Despite the potential benefits of digital solutions, their uptake has remained slow and there are challenges to be overcome before health systems can make use of their full potential. Public awareness and trust in the storing and use of data needs to be raised; information communications technology infrastructure needs to be improved in many countries; data protection and privacy need to be ensured for patients; and innovative digital health policies must be implemented.

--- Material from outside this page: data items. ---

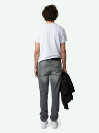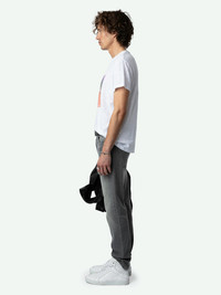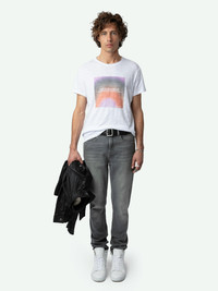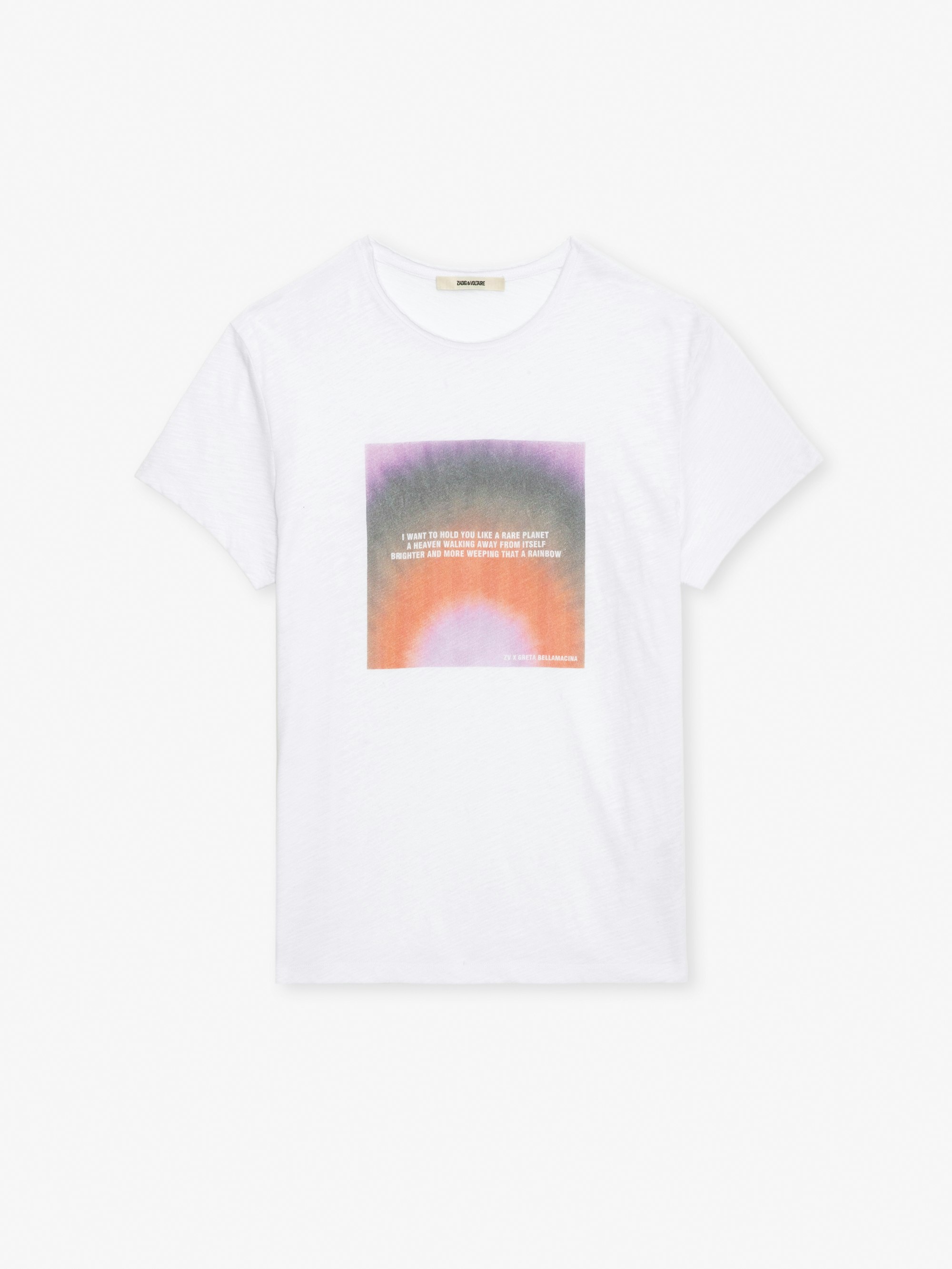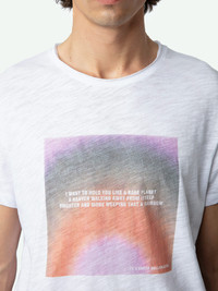 Short-sleeved organic slub cotton T-shirt with photoprint and Greta poem print on the front. Description & details - Men’s white organic slub cotton T-shirt - Photoprint and Greta poem print on the front - Round neck with rolled edges - Short sleeves Model is 183 cm / 6' 0" and is wearing a size M This item is true to size. We recommend buying your usual size. Composition 100% COTTON* Care - Machine-wash inside out on a 30°C delicate cycle with similar colours - Air dry - Iron inside out at a maximum of 110°C, avoiding any customised details Product code: JMTS00649_BLANC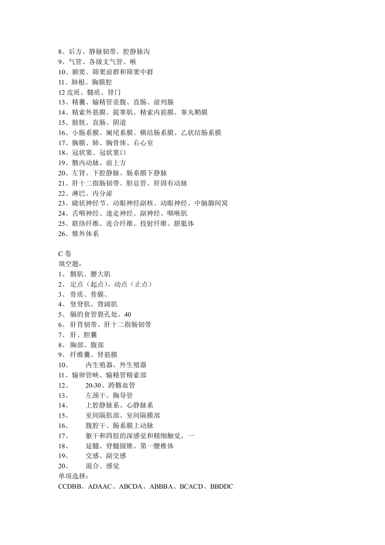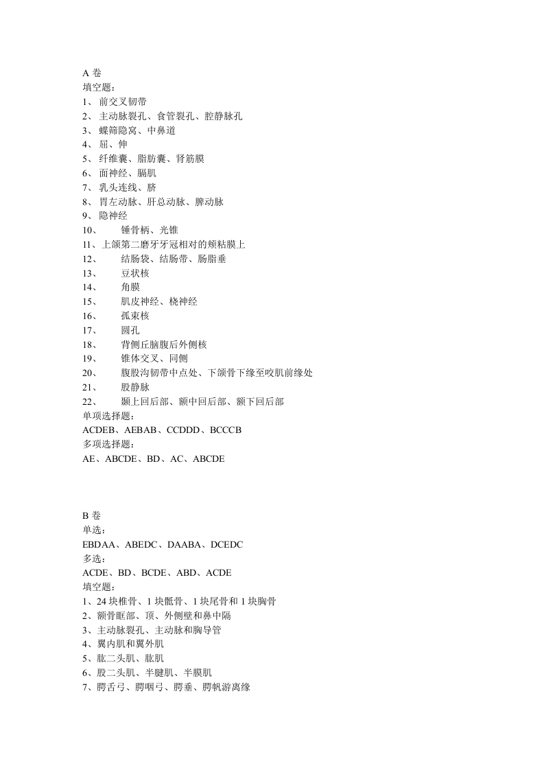 A卷填空题:1、前交叉韧带2、主动脉裂孔、食管裂孔、腔静脉孔3、蝶筛隐窝、中鼻道4、屈、伸5、纤维囊、脂肪囊、肾筋膜6、面神经、膈肌7、乳头连线、脐8、胃左动脉、肝总动脉、脾动脉9、隐神经10、锤骨柄、光锥11、上颌第二磨牙牙冠相对的颊粘膜上12、结肠袋、结肠带、肠脂垂13、豆状核14、角膜15、肌皮神经、桡神经16、孤束核17、圆孔18、背侧丘脑腹后外侧核19、锥体交叉、同侧20、腹股沟韧带中点处、下颌骨下缘至咬肌前缘处21、股静脉22、颞上回后部、额中回后部、额下回后部单项选择题:ACDEB、AEBAB、CCDDD、BCCCB多项选择题:AE、ABCDE、BD、AC、ABCDEB卷单选:EBDAA、ABEDC、DAABA、DCEDO多选:ACDE、BD、BCDE、ABD、ACDE填空题:1、24块椎骨、1块骶骨、1块尾骨和1块胸骨2、额骨眶部、顶、外侧壁和鼻中隔3、主动脉裂孔、主动脉和胸导管4、翼内肌和翼外肌5、肱二头肌、肱肌6、股二头肌、半避肌、半膜肌7、聘舌弓、腭咽弓、腭垂、腭帆游离缘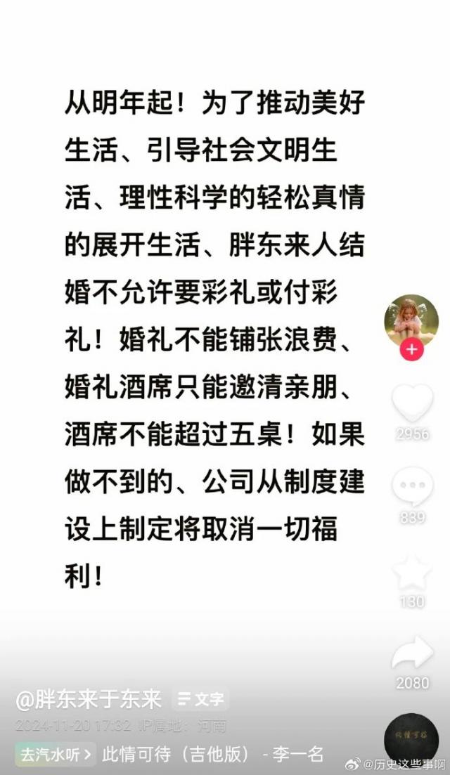 甚至可以猜测,就像胖东来在零售行业的标杆效应一样,胖东来也可能想在拒绝高额彩礼、建立健康婚姻习俗上率先树立榜样。

Digital solutions are also challenging for some demographics, particularly older populations. Moreover, they remain out of reach for many people living in low-resource settings where access to the internet and mobiles phones can be absent or limited. For people living with dementia who rely on regular in-person care and support, the shift to telephone and web-based support during the pandemic has been challenging, increasing stress, anxiety and loneliness. For all these reasons it remains critical that digital strategies and solutions are designed and planned to be accessible and available for all, including the most vulnerable and poorest communities.
Provided the barriers to digital health are recognised and dismantled, the promise of digital tools for all countries is great. They can increase the reach and capacity of the health workforce, improve NCD care, achieve greater health equity and contribute to the attainment of universal health coverage. The time is overdue for governments to support the development of digital health tools and services, including establishing a regulatory framework. Good governance helps protect and improve health for people living with NCDs and for people everywhere, both during a pandemic and beyond. The message is clear: We have no time to lose in seeking solutions to our global health crisis—in all its dimensions.